All fast food is going to make me feel like a regretful piece of garbage when I’m done eating it. However, knowing my money is chipping away slowly at the homelessness crises and paying employees a livable wage, I can at least feel good about being a conscious consumer and giving, even if it’s only slightly, back to my community. If a guy from Moses Lake, now living in Seattle, knew his money was supporting his home town economy everytime he purchased an Evolution Cannabis Co. product, he’ll support it all the time. Most people want to help, especially when you make it easy for them by laying out vital information in a well designed and color coordinated brochure.

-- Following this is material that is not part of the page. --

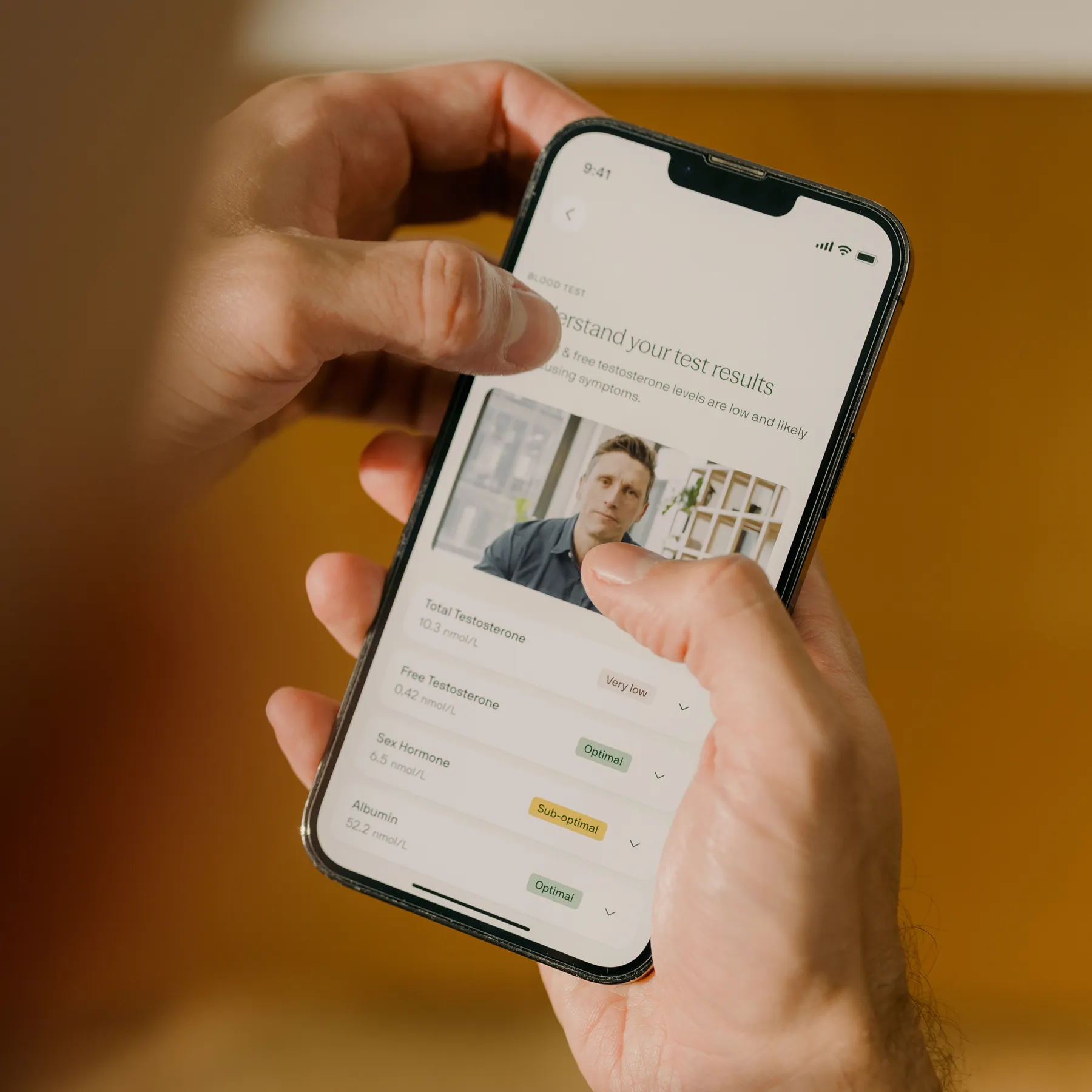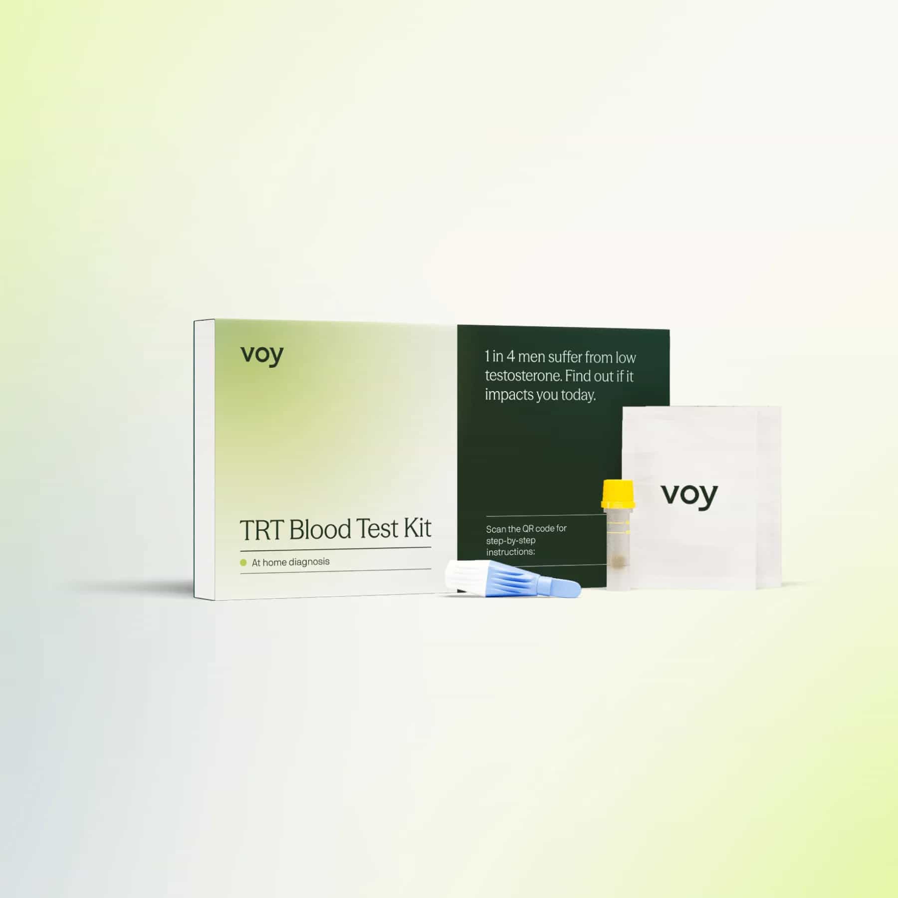 Our initial at-home, finger-prick blood test measures 4 biomarkers including your total and free testosterone levels. You can access your results via your VOY account.

This is why GKC donates five-percent of their overall revenue towards state-wide homeless issues. Not only because they want to fix their community, but to give conscious consumers an avenue to shop for cannabis responsibly and vote with their dollars. This is one of the easiest ways to make a change in a consumeristic society. GKC doesn’t need everyone to buy their products, they wouldn’t have the inventory to fill those orders anyways. GKC wants to work with consumers to build relationships the same way they do with the cannabis brands under their umbrella. This will not only make buying cannabis safer and easier; it will create happily informed consumers. Informed cannabis consumption elevates the entire cannabis industry. It forces other companies to brand and market in new and unique ways that move the industry forward.